Jens Remus Oct. 23, 2024, 4:04 p.m. UTC | #1
Hello Dani!

On 23.10.2024 17:10, Dani Szebenyi wrote:
> Writing tekhex object with addresses above 4GB resulted in a corrupted object
> contents, because the upper 32-bit of the address were silently ignored
> in `writevalue`.
> While reading a 64-bit address section did work in tekhex format, with the
> address length encoded as 0.

The extended Tektronix hex format encodes an address as one (hex?)digit 
address-field-length N followed by the N hexadecimal digits address.

Both getvalue() and getsym() treat the address length as hexadecimal and 
a value of 0 as if it was decimal 16 when reading tekhex:

len = hex_value (*src++);
if (len == 0)
   len = 16;

> This code adds the neccesary support for writing the upper bits of the
> address, while not changing the existing behavior for addresses below
> 4GB.

Therefore I agree with you that it would be fair to also do so in 
writevalue() when writing tekhex.

Btw. the following likely unofficial documentation agrees with this 
encoding (using "0" for 16):
http://ftp.dataio.com/main/manuals/unifam/translation%20formats.pdf

> Signed-off-by: Dani Szebenyi <szedani@linux.ibm.com>
> ---
>   bfd/tekhex.c | 4 ++--
>   1 file changed, 2 insertions(+), 2 deletions(-)
> 
> diff --git a/bfd/tekhex.c b/bfd/tekhex.c
> index 96022c585ab..46f40b19817 100644
> --- a/bfd/tekhex.c
> +++ b/bfd/tekhex.c
> @@ -719,11 +719,11 @@ writevalue (char **dst, bfd_vma value)
>     int len;
>     int shift;
>   
> -  for (len = 8, shift = 28; shift; shift -= 4, len--)
> +  for (len = 16, shift = 60; shift; shift -= 4, len--)
>       {
>         if ((value >> shift) & 0xf)
>   	{
> -	  *p++ = len + '0';
> +	  *p++ = digs[len & 0xf];
>   	  while (len)
>   	    {
>   	      *p++ = digs[(value >> shift) & 0xf];

Looks good to me!
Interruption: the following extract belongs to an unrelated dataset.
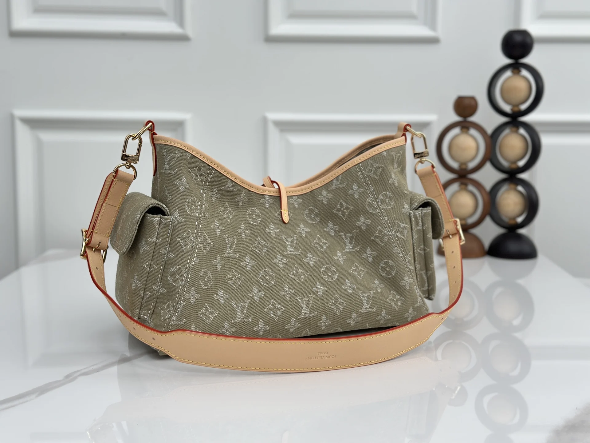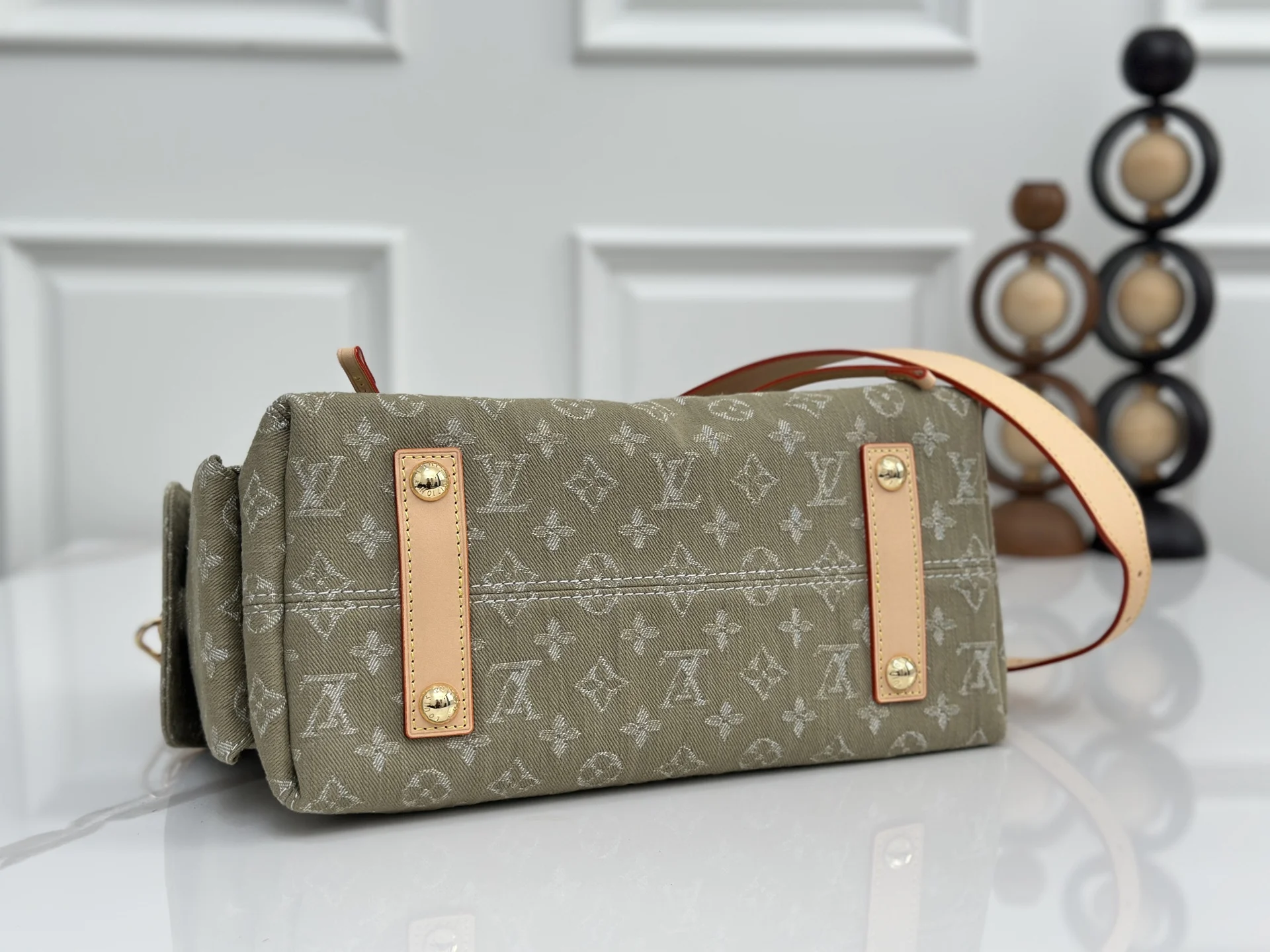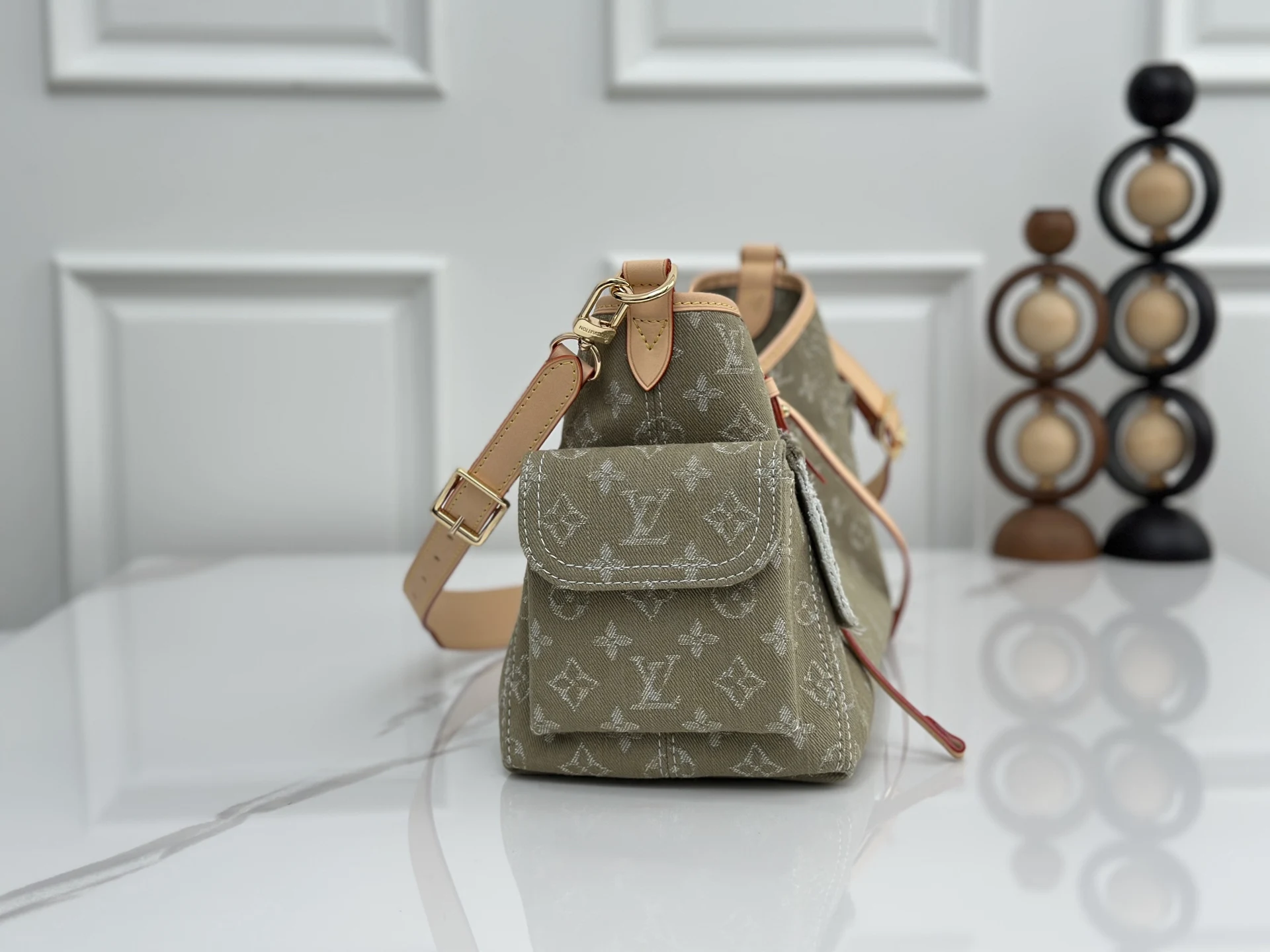 顶级原单 163动态芯片 M27623绿色 丹宁牛仔购物袋 Carryall Cargo 小号手袋 出自 Denim Rendez-Vous 系列 汲取应季灵感 演绎隽永风格 棉质包身搭载撞色皮革饰边与束带细节 此手袋缀饰金属件与标志性名牌 致敬路易威登制箱工艺传统 斜挎 肩背 手提皆宜 随心转换造型 尺寸 33.5 x 23 x 15 厘米

Hope Nick/Alan agree.

With this patch I do wonder whether gdb/testsuite/gdb.base/dump.exp 
could also be changed to enable test reload of tekhex on 64-bit 
architectures?

Thanks and regards,
Jens
  
Alan Modra Oct. 24, 2024, 7:33 a.m. UTC | #2
On Wed, Oct 23, 2024 at 06:04:34PM +0200, Jens Remus wrote:
> Hello Dani!
> 
> On 23.10.2024 17:10, Dani Szebenyi wrote:
> > Writing tekhex object with addresses above 4GB resulted in a corrupted object
> > contents, because the upper 32-bit of the address were silently ignored
> > in `writevalue`.
> > While reading a 64-bit address section did work in tekhex format, with the
> > address length encoded as 0.
> 
> The extended Tektronix hex format encodes an address as one (hex?)digit
> address-field-length N followed by the N hexadecimal digits address.
> 
> Both getvalue() and getsym() treat the address length as hexadecimal and a
> value of 0 as if it was decimal 16 when reading tekhex:
> 
> len = hex_value (*src++);
> if (len == 0)
>   len = 16;
> 
> > This code adds the neccesary support for writing the upper bits of the
> > address, while not changing the existing behavior for addresses below
> > 4GB.
> 
> Therefore I agree with you that it would be fair to also do so in
> writevalue() when writing tekhex.
> 
> Btw. the following likely unofficial documentation agrees with this encoding
> (using "0" for 16):
> http://ftp.dataio.com/main/manuals/unifam/translation%20formats.pdf
> 
> > Signed-off-by: Dani Szebenyi <szedani@linux.ibm.com>
> > ---
> >   bfd/tekhex.c | 4 ++--
> >   1 file changed, 2 insertions(+), 2 deletions(-)
> > 
> > diff --git a/bfd/tekhex.c b/bfd/tekhex.c
> > index 96022c585ab..46f40b19817 100644
> > --- a/bfd/tekhex.c
> > +++ b/bfd/tekhex.c
> > @@ -719,11 +719,11 @@ writevalue (char **dst, bfd_vma value)
> >     int len;
> >     int shift;
> > -  for (len = 8, shift = 28; shift; shift -= 4, len--)
> > +  for (len = 16, shift = 60; shift; shift -= 4, len--)
> >       {
> >         if ((value >> shift) & 0xf)
> >   	{
> > -	  *p++ = len + '0';
> > +	  *p++ = digs[len & 0xf];
> >   	  while (len)
> >   	    {
> >   	      *p++ = digs[(value >> shift) & 0xf];
> 
> Looks good to me! Hope Nick/Alan agree.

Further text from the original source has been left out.